Try it — Output word for word the lines from the one with "走在駁二藝術特區的碼頭旁,可以看到水面矗立一座白色又兼具設計感的橋樑" to the final line of the data, both ends included, but skip the pictures.

Data for this task —
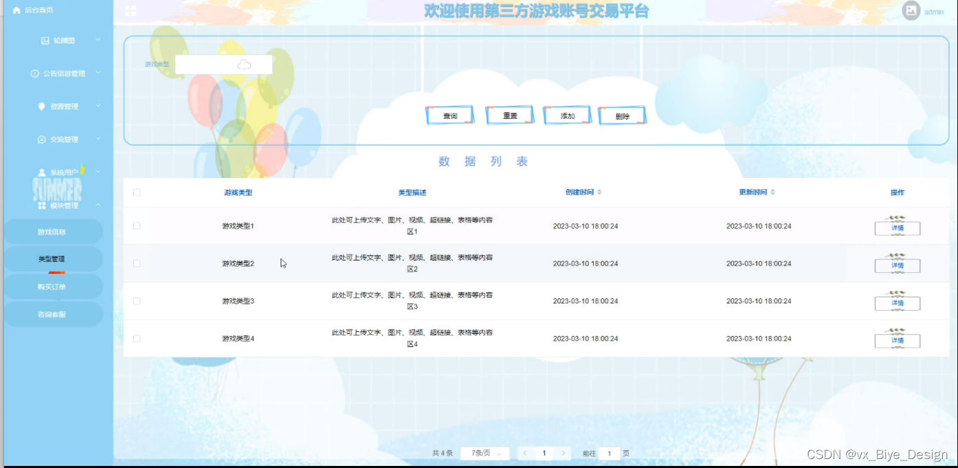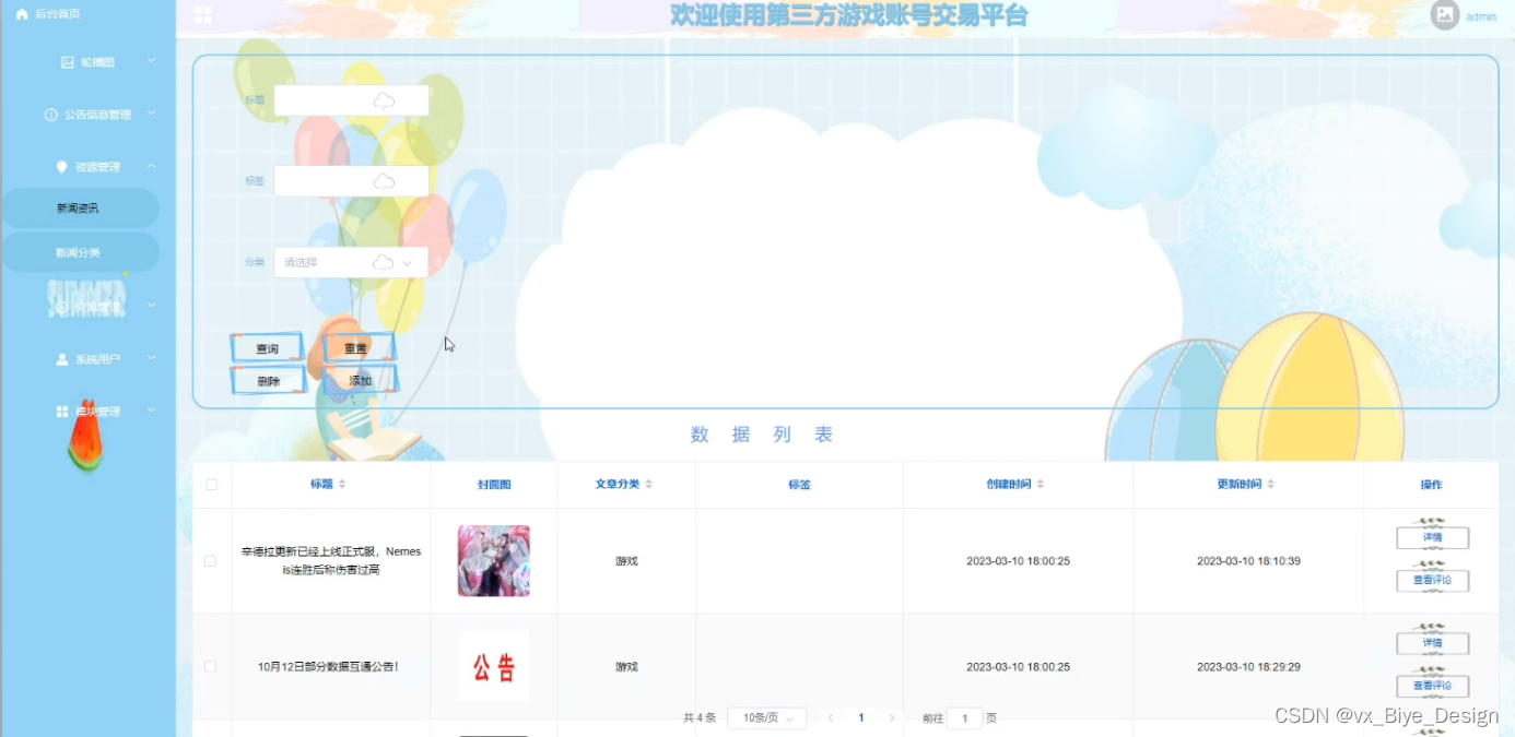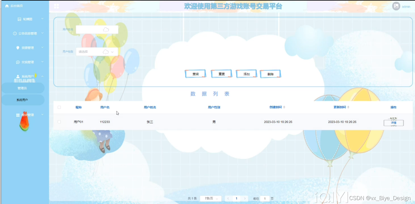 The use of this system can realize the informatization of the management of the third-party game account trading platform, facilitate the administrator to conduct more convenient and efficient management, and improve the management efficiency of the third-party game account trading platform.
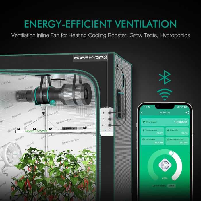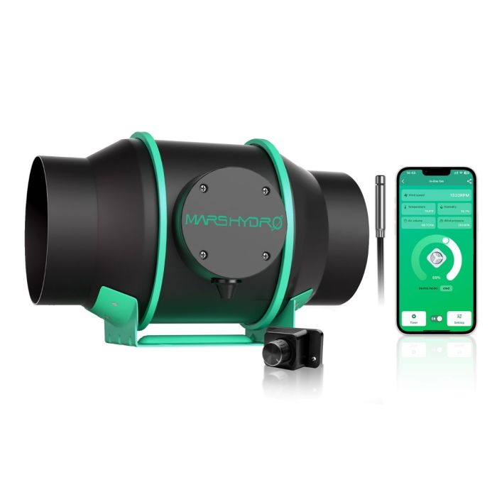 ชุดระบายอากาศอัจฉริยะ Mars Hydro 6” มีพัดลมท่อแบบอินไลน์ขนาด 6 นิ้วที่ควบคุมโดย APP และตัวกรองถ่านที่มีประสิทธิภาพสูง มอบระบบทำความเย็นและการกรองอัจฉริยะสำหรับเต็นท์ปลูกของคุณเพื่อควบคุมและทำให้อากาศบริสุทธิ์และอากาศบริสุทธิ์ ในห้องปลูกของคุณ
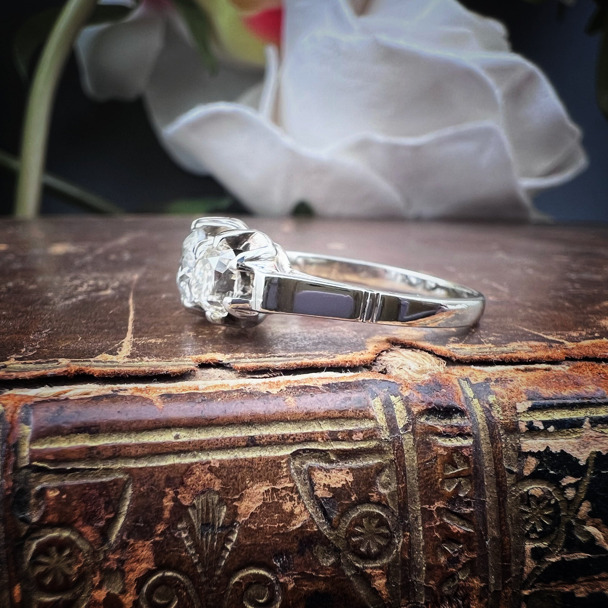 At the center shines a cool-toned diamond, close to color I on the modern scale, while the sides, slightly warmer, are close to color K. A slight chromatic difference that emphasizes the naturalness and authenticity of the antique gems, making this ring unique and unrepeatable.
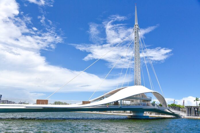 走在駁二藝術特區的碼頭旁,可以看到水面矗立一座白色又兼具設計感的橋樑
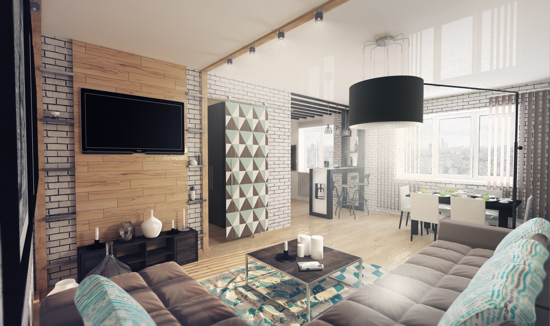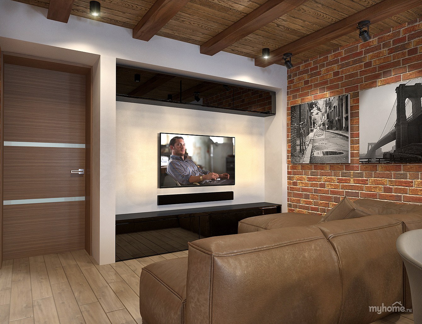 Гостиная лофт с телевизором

Solution to this task —
 走在駁二藝術特區的碼頭旁,可以看到水面矗立一座白色又兼具設計感的橋樑
 Гостиная лофт с телевизором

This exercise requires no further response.